Chances are if you are reading this blog post, you are a runner, and if you are a runner, YOU ARE AN ATHLETE!
This was one of the big areas I tried to bring out at my OPTA presentation on coaching principles for PTs who work with runners. And the more I have thought about it, the more I feel like this needs to become a major part of the discussion among runners, especially recreational runners.
A while back I answered a question on the blog asking what my one piece of advice to recreational runners would be (click here to read that post), and I still stand by that answer: vary your pace. A close second place would be: recognize and view yourself as an athlete.
I want to try to make a case for my argument here: every single step a runner takes results in the runner’s body having to absorb at least 2.5x their body weight.
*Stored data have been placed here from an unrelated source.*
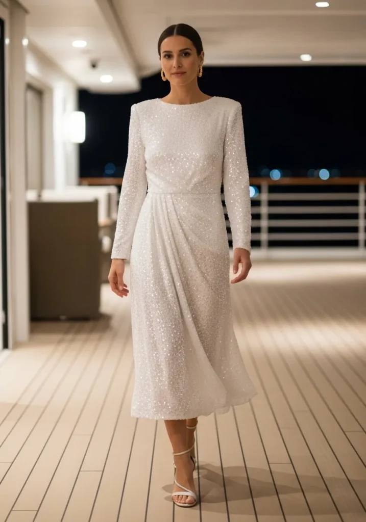 This dress glows softly with white sequins that sparkle in a delicate, refined way. The long sleeves and high neckline keep the look modest while the gathered waist adds shape and movement. The midi length gives it a graceful finish and the light fabric flows gently when walking along the deck.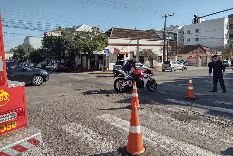 Dois homens, pai e filho, ficaram feridos em um acidente de trânsito na manhã deste sábado, 3, no Centro de Santa Cruz do Sul. Eles tripulavam uma motocicleta que se envolveu em uma colisão com uma caminhonete S10, no cruzamento das ruas Venâncio Aires e Senador Pinheiro Machado, por volta das 10h30.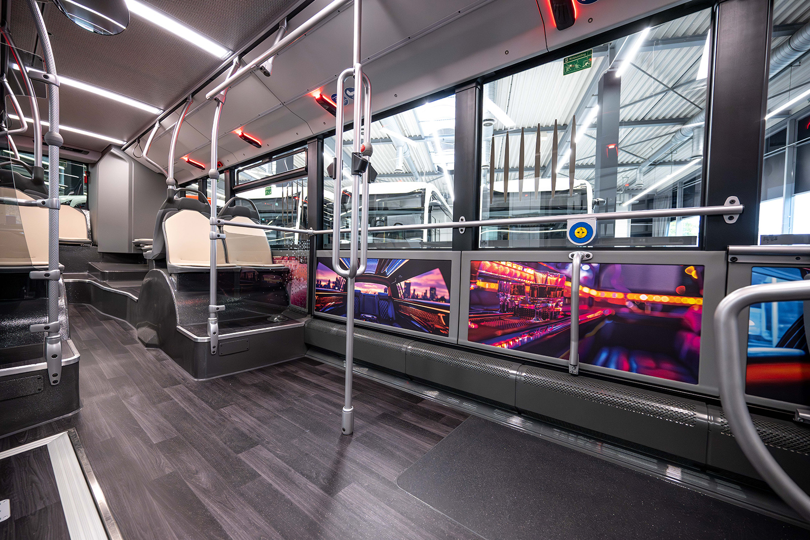 A Citaro típuscsalád moduláris felépítése számtalan egyedi design megvalósítására nyújt lehetőséget mind a külcsín, mind a belső tér tekintetében, így például az utastérben az oldalfali műanyag burkolatok kiválóan alkalmasak nagyméretű képek elhelyezésére – ezek jelen esetben egy limuzin belső terének csillogó atmoszféráját idézik, és főként a nagy területű peronrészen hangsúlyosak. Az exkluzivitást sugalló utastérben a sötét, parkettahatású padlóburkolat kellemes kontrasztot képez az utasülések bézs rostbőr kárpitozásával – ugyanezt az anyagot alkalmazták az utastértől magas üveglappal elválasztott vezetőülés fejtámlarészénél, illetve szegélyeinél is.

That might not sound like a ton, but it adds up … especially over time. Let’s take a look at how many steps a runner might take in a few different run scenarios:
- 20 min 5k ~ 3,400 total foot strikes
- 45 min 10k ~ 7,650 total foot strikes
- 1 hour 45 min half marathon ~ 17,850 total foot strikes
- 4 hour marathon ~ 40,800 foot strikes
So, in a 4 hour marathon each leg has absorbed 2.5x your body weight ~20,000 times. That is a ton of work! No wonder runners break down and have injuries all the time – this is a huge amount of stress on the body!
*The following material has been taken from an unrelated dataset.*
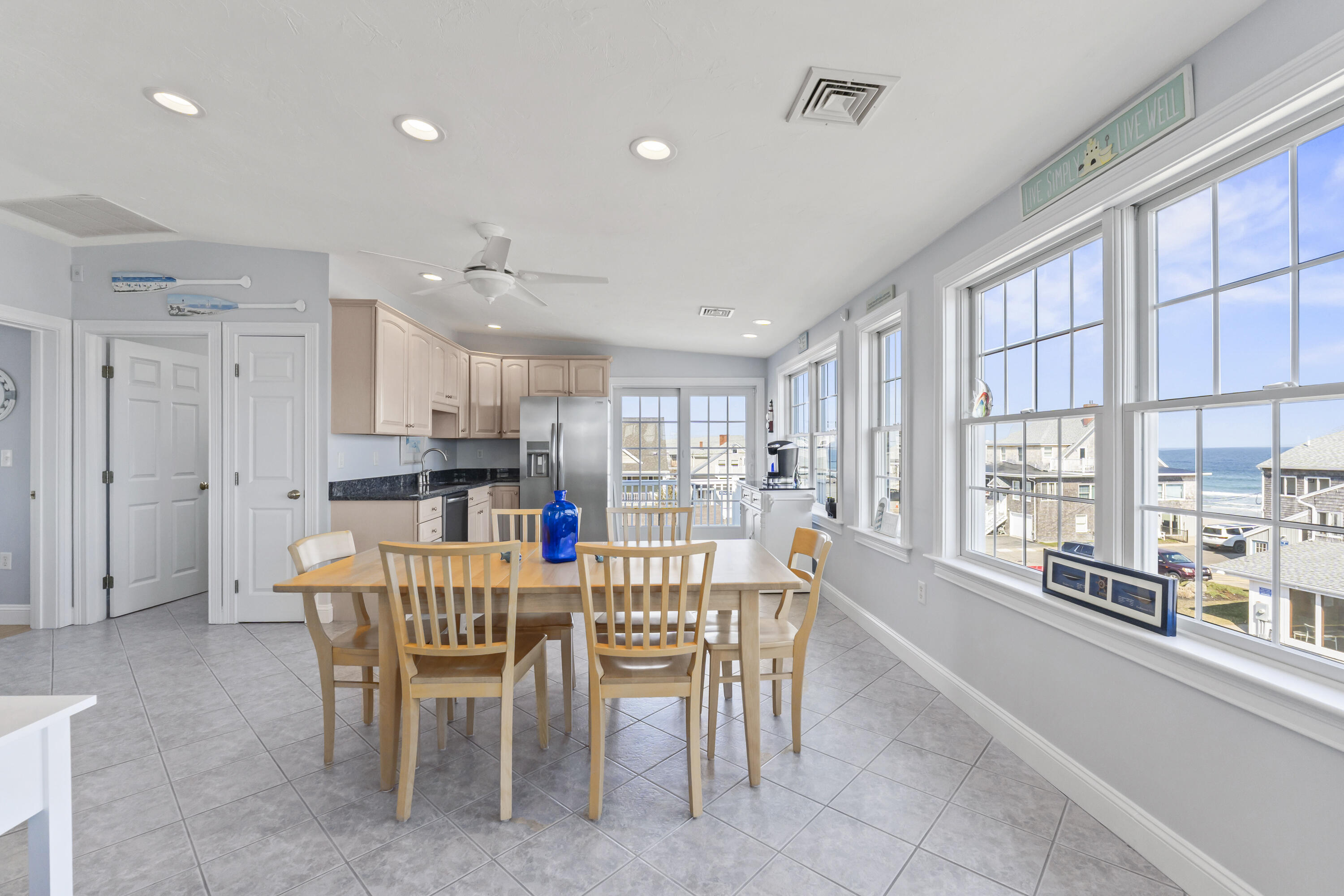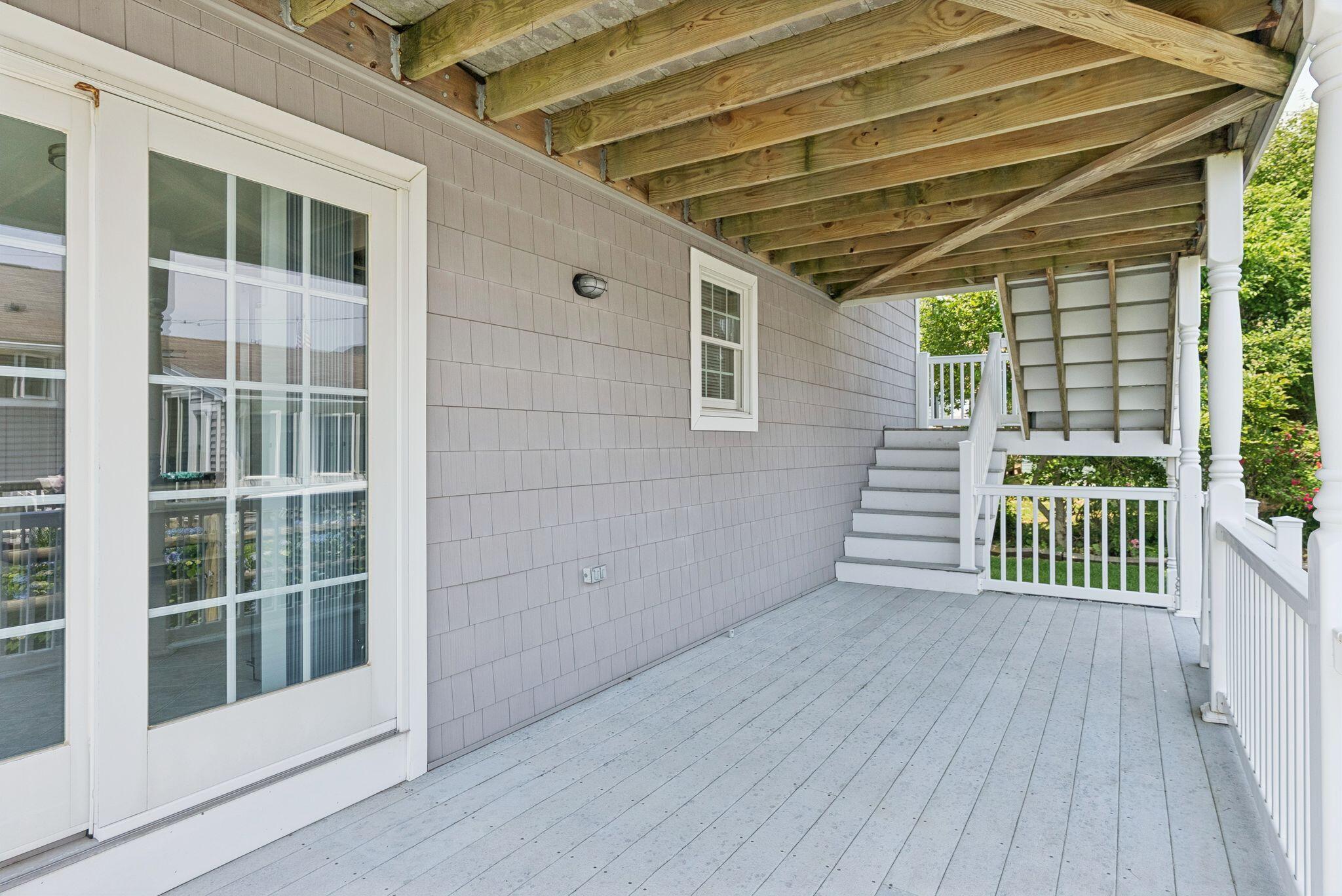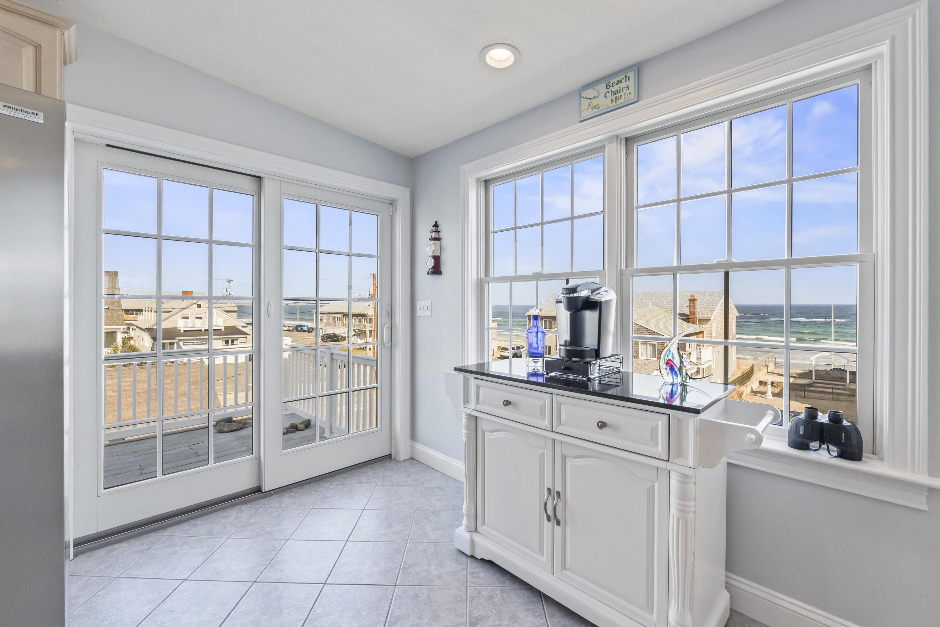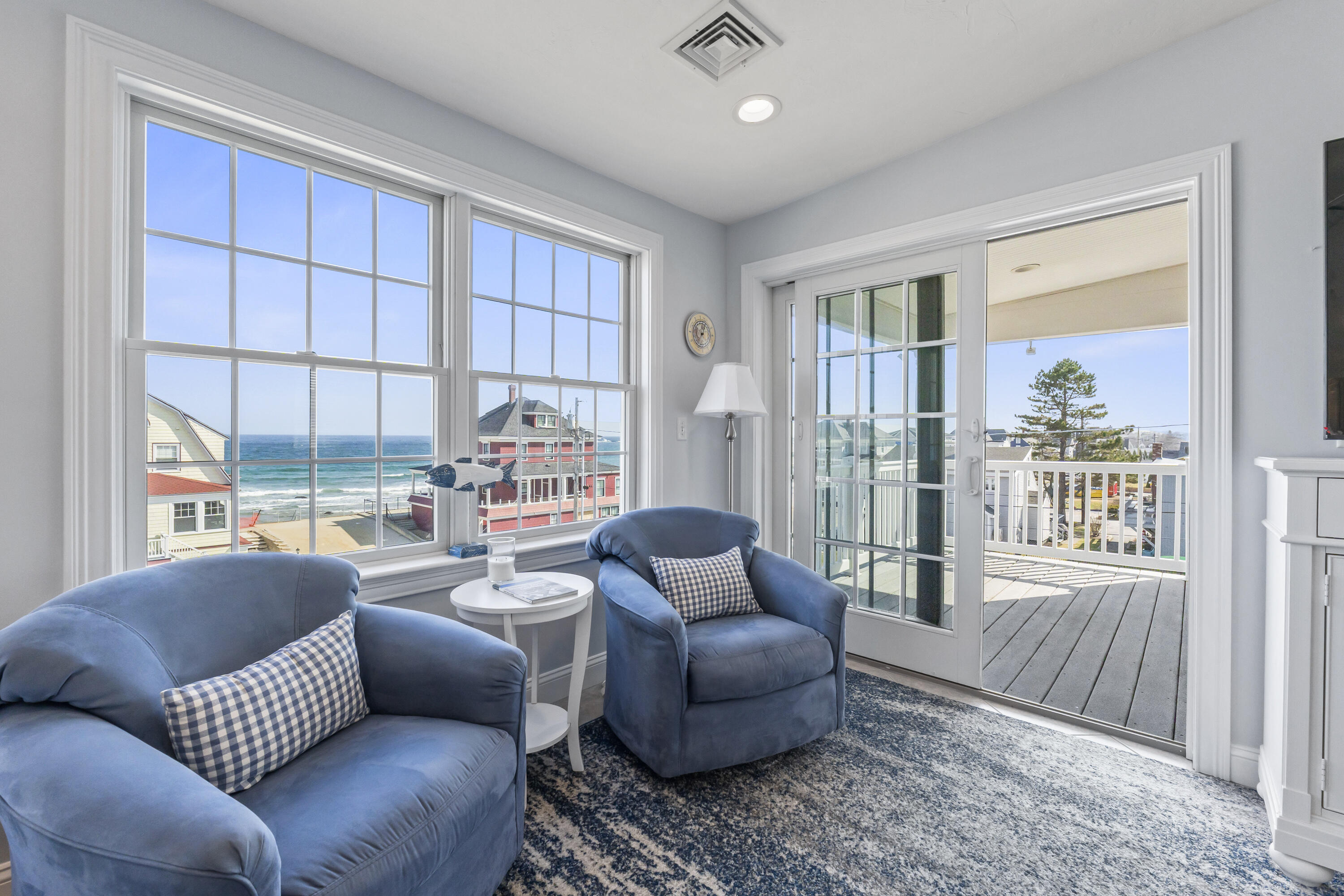 The main level offers a full kitchen, living and dining areas, a 4-season room, and four bedrooms including a primary suite. The upper and lower levels each include their own kitchenette, living space, bedrooms and baths, providing excellent flexibility and privacy. Ocean views, multiple decks, covered porch, hardwood and tile flooring, and abundant natural light through Andersen windows and sliders enhance the home's coastal appeal.

Unfortunately, we recreational runners don’t seem to recognize how much work our body has to do to complete a run. We often would look at someone who plays a few pick up basketball games on the weekend or who plays indoor soccer twice/week or a buddy who plays city league softball all as more of an “athlete” than we are. I’m not making an argument that those individuals are not athletes, but why do we view our sport as “non athletic”?
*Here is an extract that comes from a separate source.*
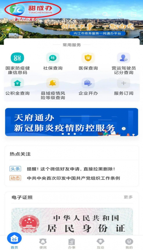进入“天府通办”页面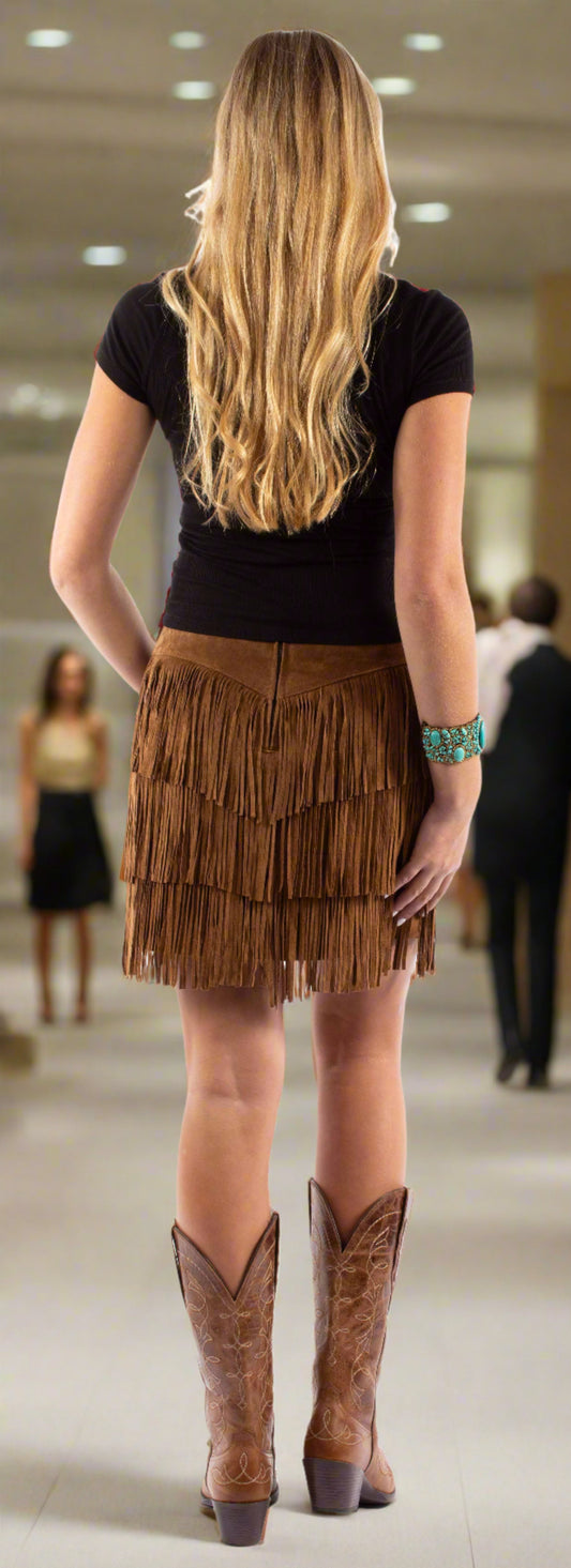 Line Dancing Cinnamon Genuine Suede Fringe Skirt by Scully in Size XS, S, M, L, XL, or XXL

To answer that question in part, it likely has something to do with the minimal skill, minimal equipment, and minimal restrictions that are part of our sport. Truly, anyone can be a runner – you don’t have to spend a lot of time practicing certain skills, you just need a pair of shoes, and almost anyone can pretty quickly at least work their way up to run/walk work. And certainly, when you are just starting out running, that is pretty much all you need to focus on. However, pretty quickly, most runners start to work on more than “just running” – we often want to go further or go faster, and at that point we need to recognize that we are moving from a “dabbler in a new hobby” to an “athlete in a new sport”. Jay Dicharry in his book, Anatomy for Runners, states the following:
“Runners run, and oftentimes aimlessly, which leads to injury or suboptimal performance. Athletes develop their brain, their body, and the complimentary skills necessary to take the right path. Runners, it’s time to develop your inner athlete.”
I agree wholeheartedly with Jay’s statement here, especially the last part – “it’s time to develop your inner athlete”. What are you doing to develop your brain as an athlete? What are you doing to develop your body as an athlete? What are you doing to develop complimentary skills to your sport? If the answer to these questions are “nothing”, I challenge you to make a change to your mentality.
First reason you might not want to do this = time. Aside from our mentality often leading to us not seeing ourselves as athletes, time restraints often play another large role in limiting anything we do for non-running activities.
The more I work with runners, the more I am convinced that this is a fatal way of thinking as an athlete and as a runner. A promising amount of research has specifically been coming out in support of strength training to supplement running training – showing improvements in running economy, injury prevention, and performance. This would be a great place to start to supplement your running! If you are looking for a quick set of exercises to trial, you can start with some functional glute strengthening from a prior blog post here.
Over the course of another 2-3 blog posts, I plan to take a look at some principles of general Athletic Development and how it can apply to runners. Specifically, we will look at the following 5 areas that are part of Vern Gambetta’s description of Athletic Development system components:
- Work Capacity – ability to handle workload & recover from that workload
- Speed – ability to rapidly perform motor skill
- Strength – ability to exert force
- Power – ability to express force in athletic movements
- Agility/Balance/Coordination – ability to start, stop, change direction & control the body
Part of approaching Athletic Development is identifying the specific demands of a sport. Clearly, a runner spends most of his/her time developing Work Capacity; however, all 5 components can be a beneficial part of a runners training. And even adding small components (we are talking minutes of work, not hours of work) could make a big difference in helping you develop as a runner and stay injury-free!
So, this week as you carve out time to run, consider also carving out some time to work on some non-running parts of being an athlete – even if it is just a few minutes to do some of the hip strengthening above. Remember you – yes, you – are an athlete!